Nothing can add more power to your life than concentrating all of your energies on a limited set of targets.
—Motivational speaker Nido Qubein
The key to your success is the strategic management of your time. Most of the really important work you do requires large chunks of unbroken time. Your organizational skills and ability to carve out these blocks of highly productive time is central to your ability to make a significant contribution to your work.
Successful salespeople, for example, set aside a specific time period each day to phone prospects. Rather than procrastinating about a task that they don't particularly like, these people resolve to sit down and make phone calls for one solid hour each day. And they discipline themselves to follow through on their resolutions.
Many business executives set aside a specific time each day to call customers directly to ask for feedback, return phone calls or answer correspondence.

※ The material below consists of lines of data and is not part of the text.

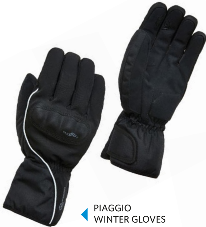
PIAGGIO WINTER GLOVES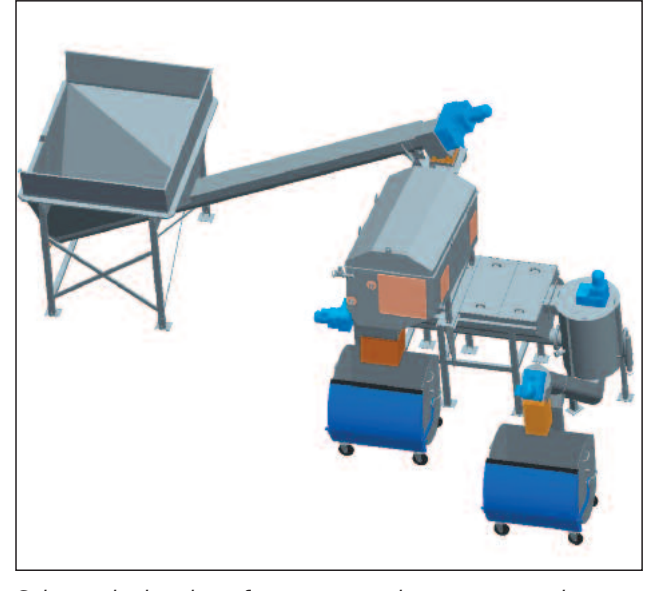
Schematic drawing of a compact grit treatment unit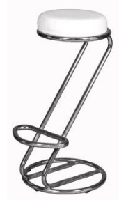
Counter Barstool BS11E (White/Black) 360W x 540D x 730H mm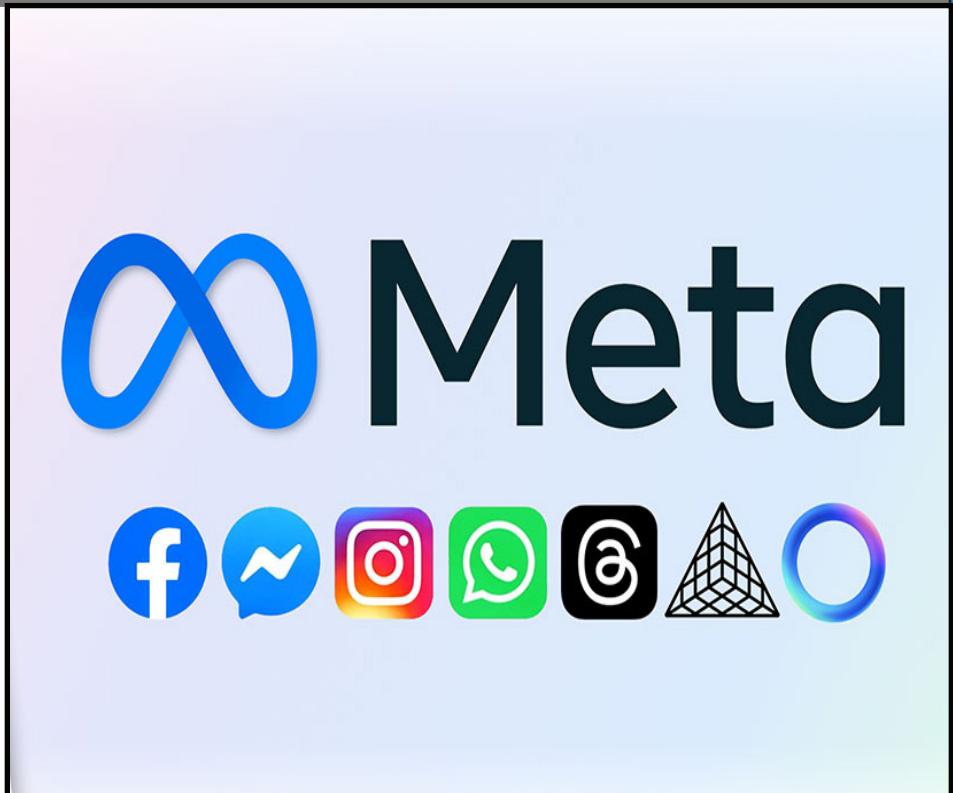
Meta’s logo alongside other Meta-owned platform logos.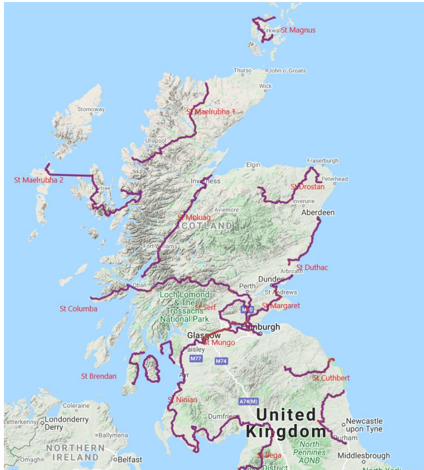
The fourteen pilgrimage routes as run, including unplanned breaks between Brechin and Arbroath, and Lindisfarne and Warkworth.

as a pilgrim last year and asks whether this is a useful framing for other Christian pilgrims.

Some successful people allocate specific time periods each day for physical exercise. Many successful people read great books 15 minutes each night before retiring. In this way, over time, they eventually read dozens of the best books ever written.
Working in specific time segments throughout your day requires scheduling fixed time periods for particular activities or tasks. Make work appointments with yourself and then discipline yourself to keep them. Set aside 30-, 60- and 90-minute time segments to work on and complete important tasks.
Many highly productive people schedule specific activities in preplanned time slots throughout the day. These people build their work lives around accomplishing key tasks one at a time. As a result, they become more and more productive and eventually produce two times, three times, five times as much as the average person.